Activity> An exact copy of the listing below is the answer, with the pictures removed.

--- Dataset content ---

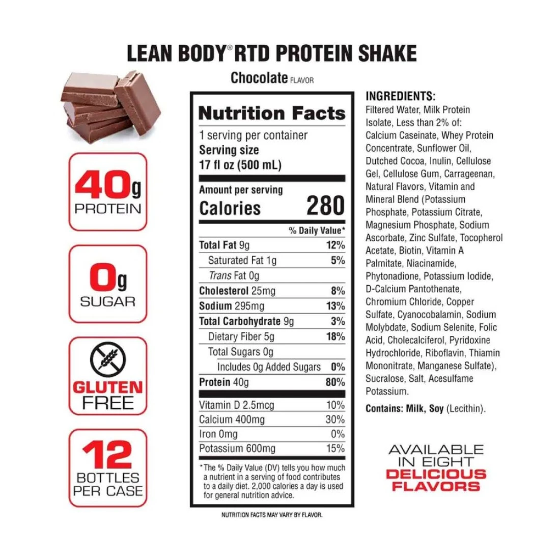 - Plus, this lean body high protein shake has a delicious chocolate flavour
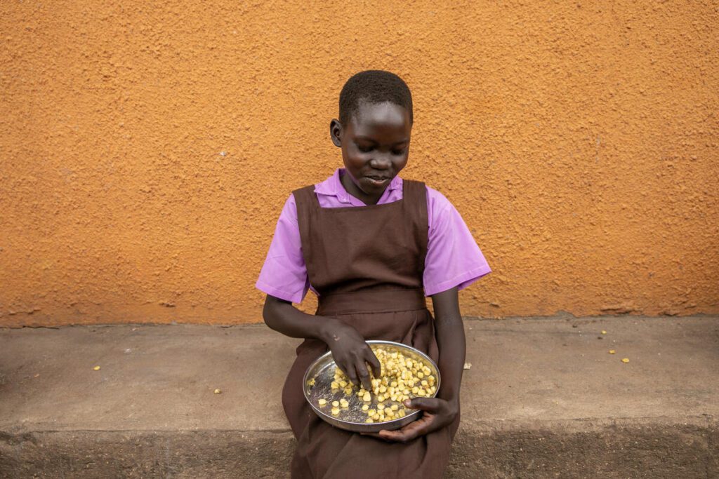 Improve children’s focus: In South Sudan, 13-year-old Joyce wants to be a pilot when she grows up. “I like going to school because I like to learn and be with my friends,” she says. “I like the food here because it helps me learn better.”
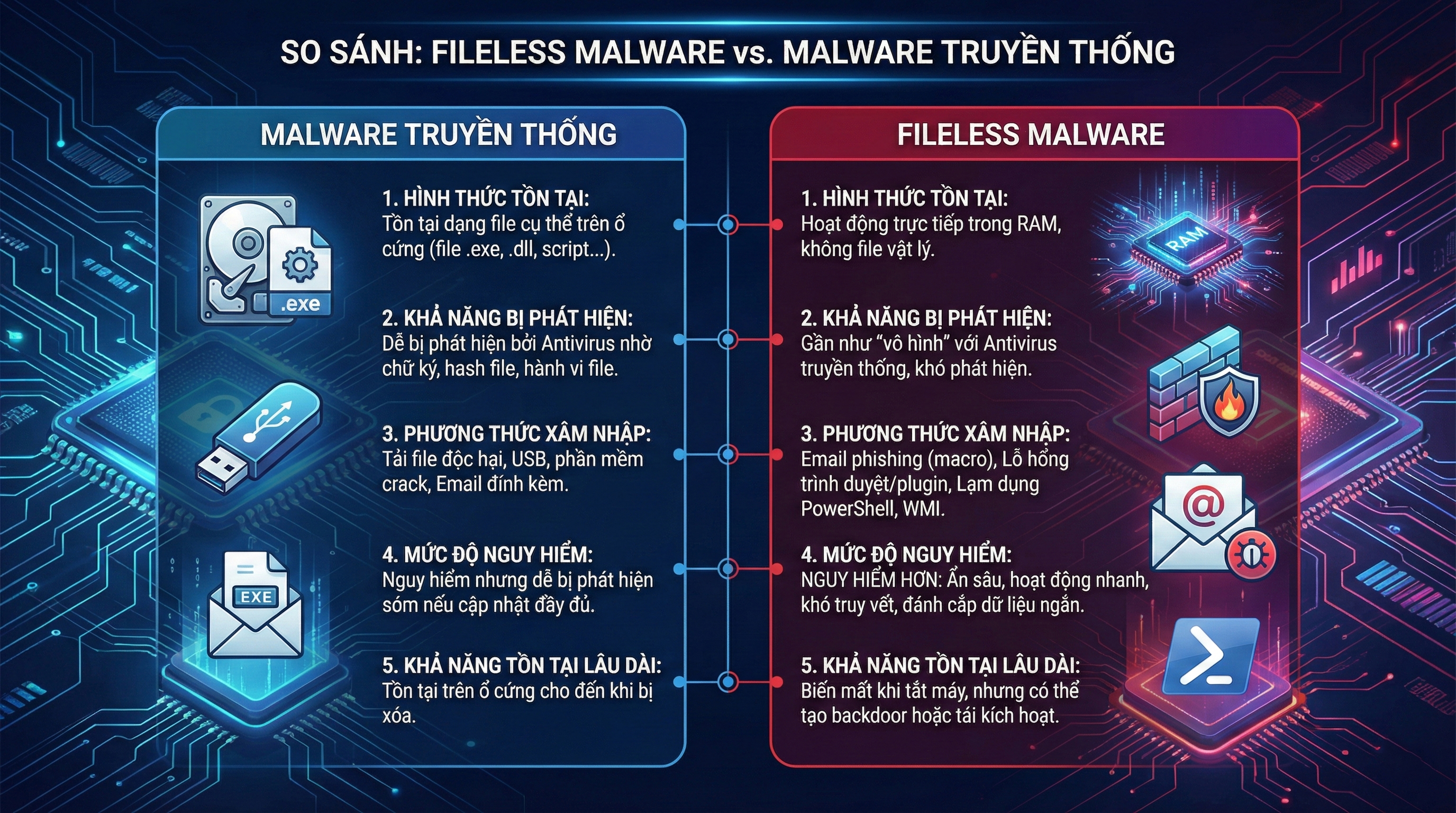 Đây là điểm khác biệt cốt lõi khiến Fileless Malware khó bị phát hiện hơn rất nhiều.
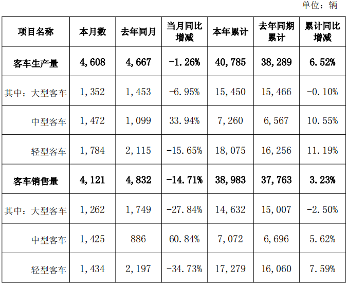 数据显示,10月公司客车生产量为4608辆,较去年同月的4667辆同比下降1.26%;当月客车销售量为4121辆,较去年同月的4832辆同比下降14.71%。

---

Answer box>
 - Plus, this lean body high protein shake has a delicious chocolate flavour
 Improve children’s focus: In South Sudan, 13-year-old Joyce wants to be a pilot when she grows up. “I like going to school because I like to learn and be with my friends,” she says. “I like the food here because it helps me learn better.”
 Đây là điểm khác biệt cốt lõi khiến Fileless Malware khó bị phát hiện hơn rất nhiều.
 数据显示,10月公司客车生产量为4608辆,较去年同月的4667辆同比下降1.26%;当月客车销售量为4121辆,较去年同月的4832辆同比下降14.71%。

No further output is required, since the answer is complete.